→ **WHAT TO WORK ON**: Pictures should be left out while the data beneath this task is written out word for word.

→ **DATA EXTRACTS**:

════

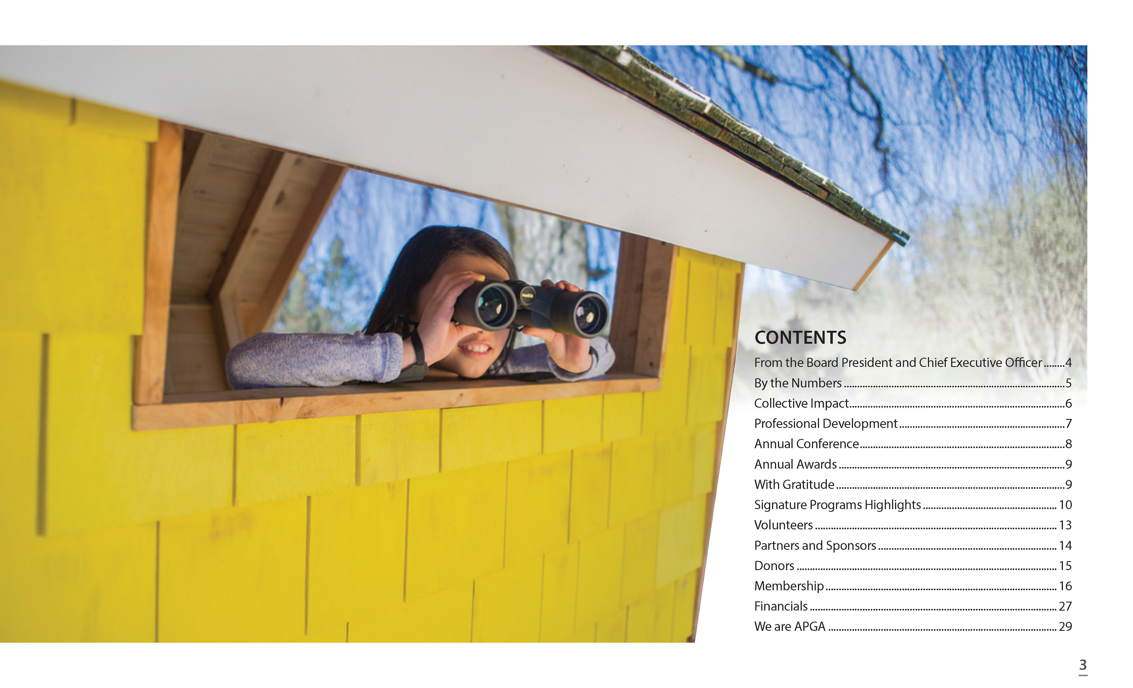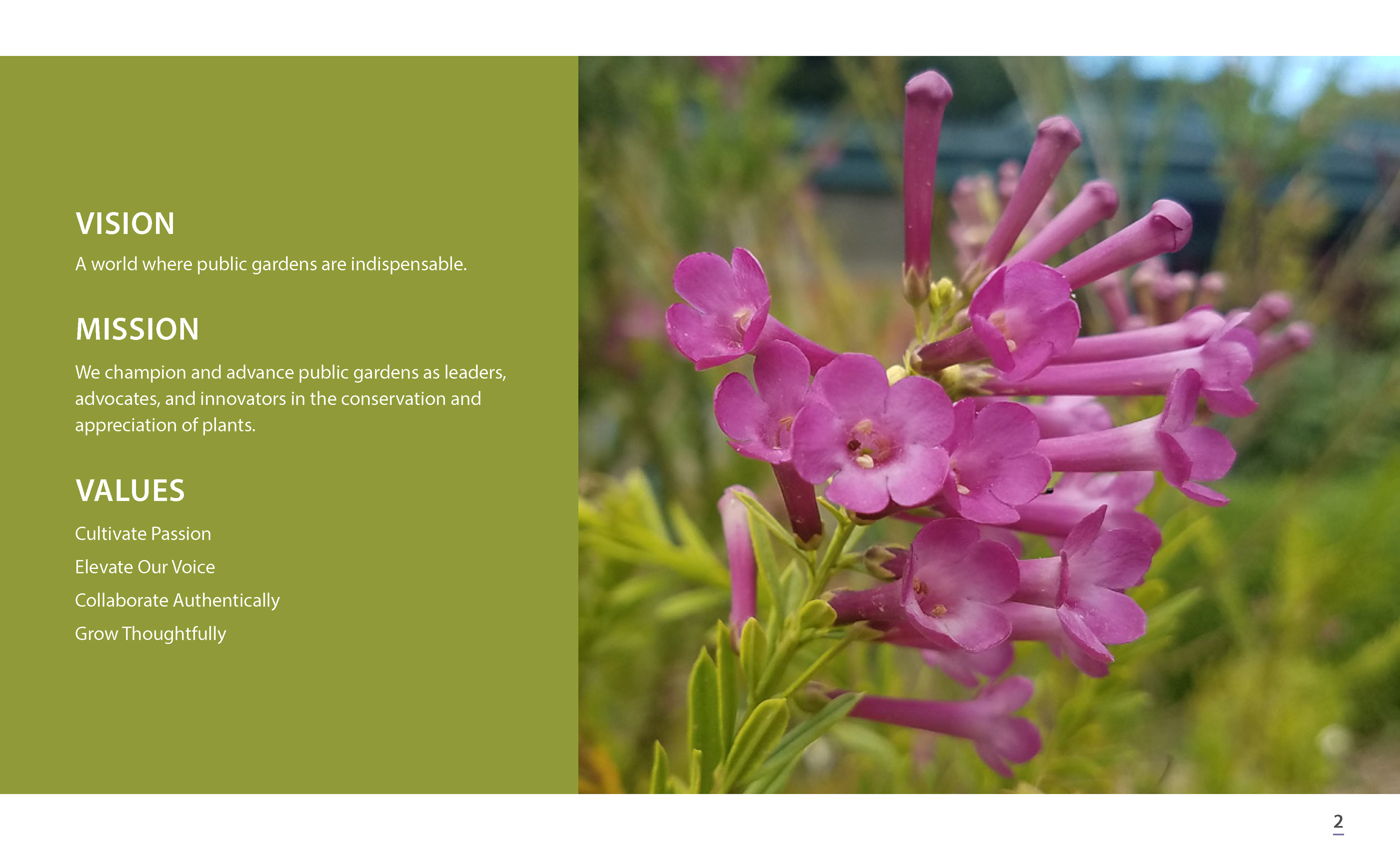 Annual report spread presented in an issue of Public Garden Magazine.
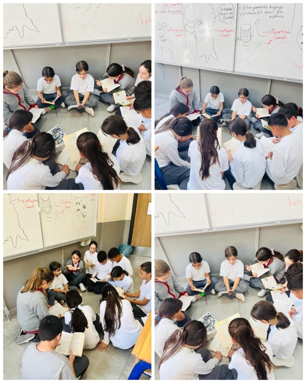 2025-2026 Eğitim öğretim yılı Eğitim Kenti Karabük projesi Eylül ayı okuyorum öğreniyorum kapsamında okuduğumuz kısa eserlerle ilgili okuma çemberi yapılmış olup , okumasını tamamlayan öğrenciler sırayla kitaplarını arkadaşlarına anlatarak paylaşımlarını gerçekleştirdiler .
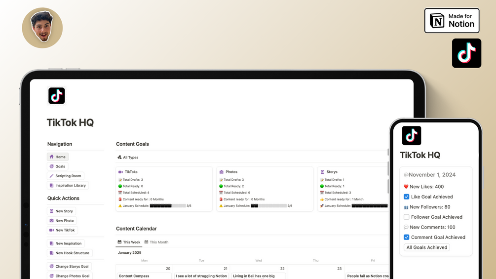 An all-in-one system to simplify content ideation, creation, planning, and scheduling on TikTok from one unified dashboard in Notion.
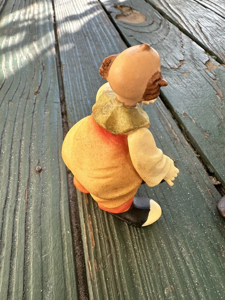 Add a touch of whimsy to your home decor with this charming lot of two ANRI wood handcrafted clown figurines. Each figurine stands at 4.5 inches tall and features a unique asymmetrical shape with intricate carvings and hand-painted details. The clowns are holding yellow balloons and are perfect for any room, including the office, living room, dining room, and even the hallway. These limited edition and special edition figurines are perfect for collectors and those who appreciate handcrafted art. The clowns are made of high-quality wood and are suitable for display on furniture and windows. This lot is an excellent addition to any collection and will surely bring a smile to your face. One missing the ball
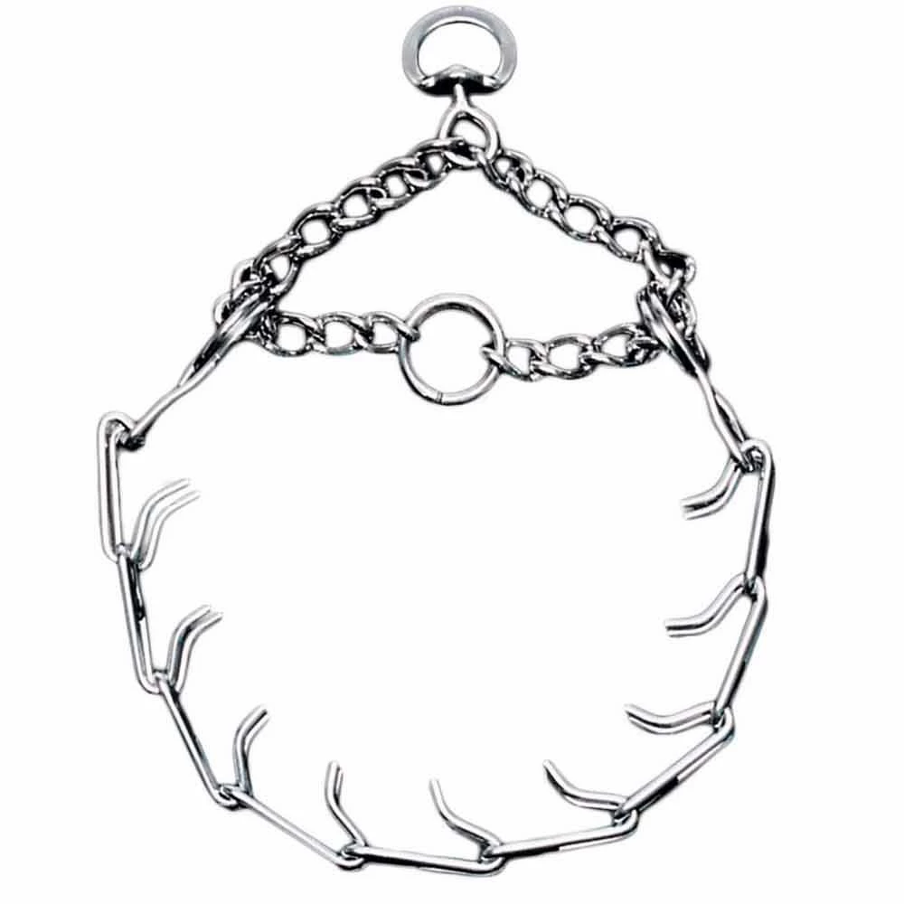 The Titan Training Prong Collar is electric welded and chrome plated for maximum strength and durability. It will not tarnish, rust or break. Featuring a link closure style, prong links unfasten for easy collar placement and removal. Symmetrical prong placement provides natural contact for optimal communication. Great for walking strong pullers, large dogs, obedience training and behavior correction.

════

→ **ANSWER TO THE EXERCISE**:
 Annual report spread presented in an issue of Public Garden Magazine.
 2025-2026 Eğitim öğretim yılı Eğitim Kenti Karabük projesi Eylül ayı okuyorum öğreniyorum kapsamında okuduğumuz kısa eserlerle ilgili okuma çemberi yapılmış olup , okumasını tamamlayan öğrenciler sırayla kitaplarını arkadaşlarına anlatarak paylaşımlarını gerçekleştirdiler .
 An all-in-one system to simplify content ideation, creation, planning, and scheduling on TikTok from one unified dashboard in Notion.
 Add a touch of whimsy to your home decor with this charming lot of two ANRI wood handcrafted clown figurines. Each figurine stands at 4.5 inches tall and features a unique asymmetrical shape with intricate carvings and hand-painted details. The clowns are holding yellow balloons and are perfect for any room, including the office, living room, dining room, and even the hallway. These limited edition and special edition figurines are perfect for collectors and those who appreciate handcrafted art. The clowns are made of high-quality wood and are suitable for display on furniture and windows. This lot is an excellent addition to any collection and will surely bring a smile to your face. One missing the ball
 The Titan Training Prong Collar is electric welded and chrome plated for maximum strength and durability. It will not tarnish, rust or break. Featuring a link closure style, prong links unfasten for easy collar placement and removal. Symmetrical prong placement provides natural contact for optimal communication. Great for walking strong pullers, large dogs, obedience training and behavior correction.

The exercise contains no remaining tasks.